今シーズンのドルフィンズの第7週の対戦は、アウェイでの対シカゴベアーズ戦です。ベアーズも第6週の対戦相手グリーンベイパッカーズ同様NFCのチームですので、4年に1回しか対戦しません。少ない対戦結果の中で印象にのこっているものと言えば、1997年10月27日にマイアミで行われた一戦です。
この試合は非常に珍しい特別な一戦で、当初は10月26日の日曜日に開催が予定されていました。しかし、当時ドルフィンズの本拠地であったプロプレーヤースタジアム(現サンライフスタジアム)はメジャーリーグベースボールのフロリダマーリンズの本拠地でもありました。そしてその年マーリンズはクリーブランドインディアンスとワールドシリーズを戦ったんですが、その第7戦がマーリンズの本拠地で行われることになりました。
したがって、26日に予定されていたドルフィンズとベアーズの試合とワールドシリーズ第7戦が重なることになり、ドルフィンズの試合が翌日の27日に延期されることとなりました。その結果NFLではその週にマンデーナイトゲームが2試合行われることになったのです。
試合開始前はドルフィンズが圧倒的に有利だとされていました。それもそのはずで、この年ベアーズは開幕から7連敗を喫しており、1勝もできないままこの試合を迎えていました。しかし第1Qにいきなりターンオーバーを喫してベアーズに先制を許したドルフィンズは、第2QにもQBダン・マリーノがエンドゾーン内でQBサックを浴びてセーフティを献上するなど、前半を終わって13-15とベアーズにリードを許しました。
それでも第3QにCBテレル・バックリーのファンブルリターンTDで逆転したドルフィンズは、その後第4QにマリーノからTEトロイ・ドレイトンへの22ヤードTDパス、RBカリム・アブドル-ジャバーの2ヤードTDランがたて続けに決まって、残り試合時間およそ7分となったところで33-18とほぼ勝利を手中に収めたと言ってもいい状況になりました。
しかしここから試合の流れは一変、ベアーズ側に傾いていくことになります。2TD以上の差をつけたということでドルフィンズのディフェンスが気を抜いたのかもしれませんが、ベアーズはQBエリック・クレイマーがWRボビー・イングラムに8ヤードのTDパスを通して、わずか1分半で8点差に迫りました。
直後のドルフィンズの攻撃はスリー&アウト、さらにベアーズの攻撃を止めた後の攻撃でもスリー&アウトとなって、またベアーズにチャンスを与えてしまいました。ベアーズはこのチャンスを活かし、クレイマーがWRクリス・ペンに25ヤードのTDパスを通し、さらに2点コンバージョンもクレイマーからイングラムへのパスが決まって、残り試合時間1分20秒で遂に33-33の同点に追いつきました。
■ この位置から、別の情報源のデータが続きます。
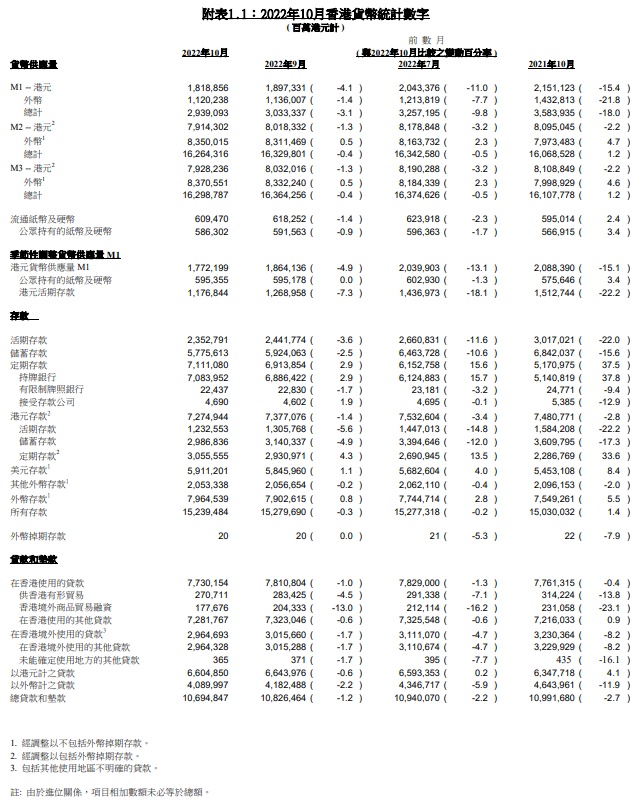 智通财经APP获悉,11月30日,香港金融管理局发布2022年10月份货币统计数字。数据显示,10月份港元货币供应量M2及M3同时下跌1.3%,与去年同期比较均下跌2.2%。10月份经季节因素调整的港元货币供应量M1下跌4.9%,与去年同期比较下跌15.1%,部分反映投资相关活动。货币供应量总额M2及M3于10月份均下跌0.4%,与去年同期比较,M2及M3均上升1.2%。

こうなると試合の流れは完全にベアーズのものとなりました。オーバータイムに入って最初に攻撃権を得たドルフィンズでしたが、3回連続で反則を犯した上にパントで攻撃終了、それでもベアーズの攻撃を抑えて再び攻撃権を得たんですが、RBバーニー・パーマリーが1stダウン更新となるはずのパスを落球したあげく、マリーノがQBサックを浴びてボールをファンブルし自陣18ヤード地点でターンオーバーを犯してしまいました。
そして最後はベアーズがKジェフ・ジェーガーの35ヤードFGで乱戦に決着をつけています。ドルフィンズの敗因としては、確かにディフェンスが気を抜いてしまいやすやすとTDを許してしまったこともありますが、33-25となった後からオーバータイムで敗れるまでの間にベアーズディフェンスのブリッツに対処できなかったところにあったと言えます。ベアーズのブリッツに翻弄されたために反則を重ねたり、パスを落球したり、致命的なQBサックを受けたりしてしまいました。
マイアミのスポーツファンにとっては、マーリンズのワールドシリーズ制覇の翌日にドルフィンズのマンデーナイトでの勝利を見るはずだったでしょうが…。私自身も当然ドルフィンズが勝つだろうと思っていましたので、結果を知って信じられない思いでした。
ちなみに昔はNFLとMLBの兼用スタジアムはマイアミ以外にもいくつかあったんですが、このようなケースは他にはなかったと記憶しているんですが、もし間違っていたらごめんなさい。